Fisher wants to be Cool. He wants to be Cool so desperately that he's losing a good chunk of his real self in the drive to be hipper, faster, and smarter-assed than the next kid. He wants attention from the other kids in his class, and I'm afraid that in the process he's turning into a bit of a jerk. Not constantly, and (I hope) not irrevocably, but he's acting just like one of the jerky cool kids we all remember from elementary/middle school.
The really amazing thing is how little time he needs to spend away from school before he sheds that troublesome veneer and starts behaving like my goofy obsessive utterly uncool sweetheart boy again. Usually all it takes is about 40 percent of a weekend, and he and Rhys are the best of buddies again, coming up with wild pirate-related schemes and making menus for their fictitious restaurant and suchlike. He asks if he can work on the story he's writing on the other computer; he comes, Rhyslike, into my office and stands behind my chair waiting for me to acknowledge him so he can clamber into my lap and bruise me with his bony hips and elbows.

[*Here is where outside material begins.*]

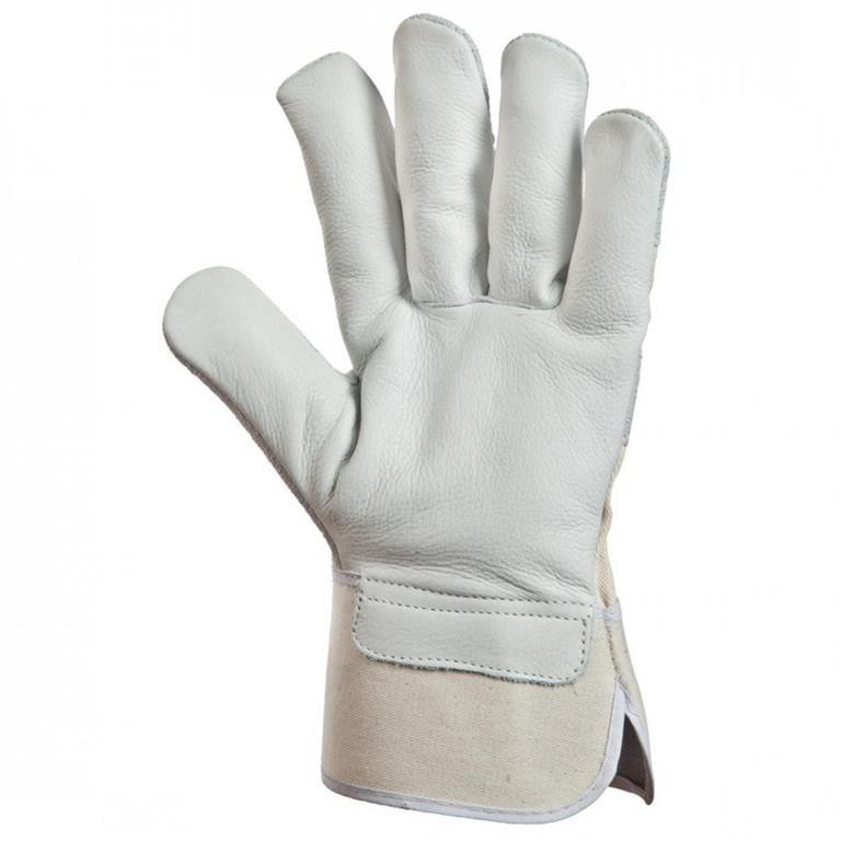 FEHÉR KESZTYŰ: • puha, szürke, 1,1 mm vastag színmarhabőr tenyér nagy igénybevételre • fehér vászon kézhát és mandzsetta • artéria-, hasítékbőr köröm- és ökölcsontvédő • pamut tenyérbélés • MÉRET: 10-es • CSOMAGOLÁS: 120/12 • EU szabvány: EN420, EN388: 3133

And his schoolwork is less than stellar. He's gotten in trouble several times in the last couple weeks for doodling inappropriate doodles in the margins of his worksheets (always the worksheets!)--the most recent episode was one in which, rather than dutifully answering the questions about shipboard life posed in Scholastic News, he "improved" the goat featured in the Xeroxed illustration by adding a pile of poop beneath its butt. Even the papers that are not doodled on (very few of them) look like he lollygagged around until thirty seconds before the assignment was due, then scribbled any old thing on the paper and handed it in.
I'm not blaming his performance on the school system, except perhaps to note in passing that his behavior seems very like that of a child who is Not Challenged and thus Bored Stiff. But he should be able to control himself enough to do a good job on his assignments, then perhaps turn his attention to a worthwhile book (or, more likely, one of those godforsaken Star Wars novels he loves).

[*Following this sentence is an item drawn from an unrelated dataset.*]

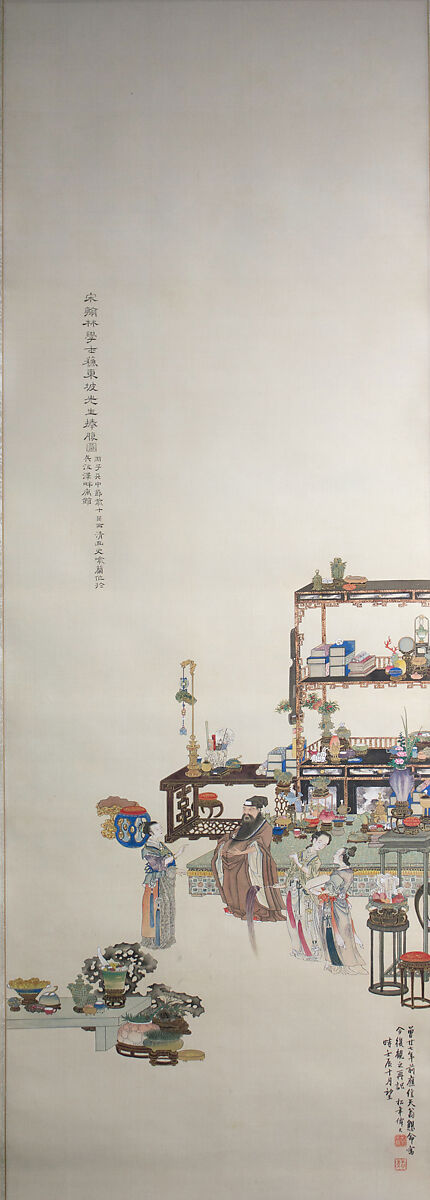 The famous Chinese poet Su Dongpo (Su Shi, 1037–1101) of the Song dynasty and three richly clad women stand in a space filled with the ideal accoutrements and furnishings of a scholar-gentleman: carved bookcases littered with books, flowers, and ornamental objects, small tables displaying more decorative objects, a carpeted dais, and the convoluted and perforated rocks, often called Lake Tai rocks, with which scholars loved to ornament their studies. The poet converses with the woman facing him, while the other two ladies speak with each other. There appears to be a narrative element to this image, and it is possible that it represents a popular story about the poet, his verbal exchange with a Chan (Zen) Buddhist monk named Foyin, and his laughter when he returned home and recounted the meeting to his sister. It may also reference an anecdote in which Su Dongpo asked his concubine and maid servants if they knew what his belly was full of. As the poet is shown resting one hand on his protruding stomach, the latter tale may have been the inspiration.

Also: poem memorization. Rhys recently memorized the first stanza of "Block City" by Robert Louis Stevenson. ("What are you able to build with your blocks?/ Castles and palaces, temples and docks./ Rain may keep raining, and others go roam/ But I can be happy, building at home.") When Rhys presented this to the family over dinner, Fisher wanted to impress us with the poem his class had committed to memory:
In a garden
In a tree
In a flower
Lives a bee.
*no comment*
I lied. I have a comment, and it is this: he could be spending his time doing more challenging things. I don't want him to do what smart kids often do, which is get bored in school and occupy their attention in negative ways. That's a train that is very hard to stop once it's been launched into motion.
Well, darn it, I was going to do some deep philosophical musing about educational philosophy and "home school" vs. "home learning" and the concept of unschooling, but I sorta got sidetracked. Maybe next time.

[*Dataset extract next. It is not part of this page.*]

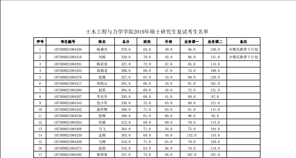 附件:土木工程与力学学院2019年硕士研究生复试考试名单

So am I a huge coward for not pulling Fisher out of school because I like his teacher and don't want her to think I think she's not doing a good job? I think she's doing a fantastic job with the resources available to her. My kid's just weird.
Not weird; perfect. What does Fisher say? Does he want to join JTA? Would he miss all his punky little friends or be relieved to be rid of them?
Posted by: Herm | October 20, 2006 at 11:53 AM
Oh, I would love a blog from you about the homeschooling/learning issue. Caden is only one, but I want to make sure I am making the best decision when it comes to his learnin'. I am curious- why did you decide to keep Rhys home and not Fisher?
Posted by: summer | October 21, 2006 at 06:02 PM
Your opinions intrigue me...the whole poem situation, hilarious. I think it ironic that you say you don't want your sons teacher to think that you think she's doing a bad job. In previous posts I've read, I got the impression that you don't care what others think. Good luck w/your decision. I plan on homeschooling b/c my 3 year old knows more than my 6yo niece {attends public and watches 2 hrs of tv in the classroom a day}. Plus, SC {49th I believe}is at the very bottom statistically. I, obviously am not a huge fan of the public school system.
Posted by: camport | October 22, 2006 at 12:14 PM
I think the public schools are getting worse and worse. I can say I'm a "lucky" product of the public school system because my mom fought (and fought) to get and keep me in every "special" program that came along in an attempt to challenge me.
I was mostly hyperactive disruptive in elementary/middle school - but by high school, I was VOCAL disruptive (being voted "most argumentative" member of my senior class had nothing to do with my relationships with my peers and everything to do with me regularly walking out of class, staging sit-ins in the front office, and attending school board meetings more frequently than some of the board members themselves).
I do not envy you for having to make the decision - but definitely trust your instincts as they are probably right.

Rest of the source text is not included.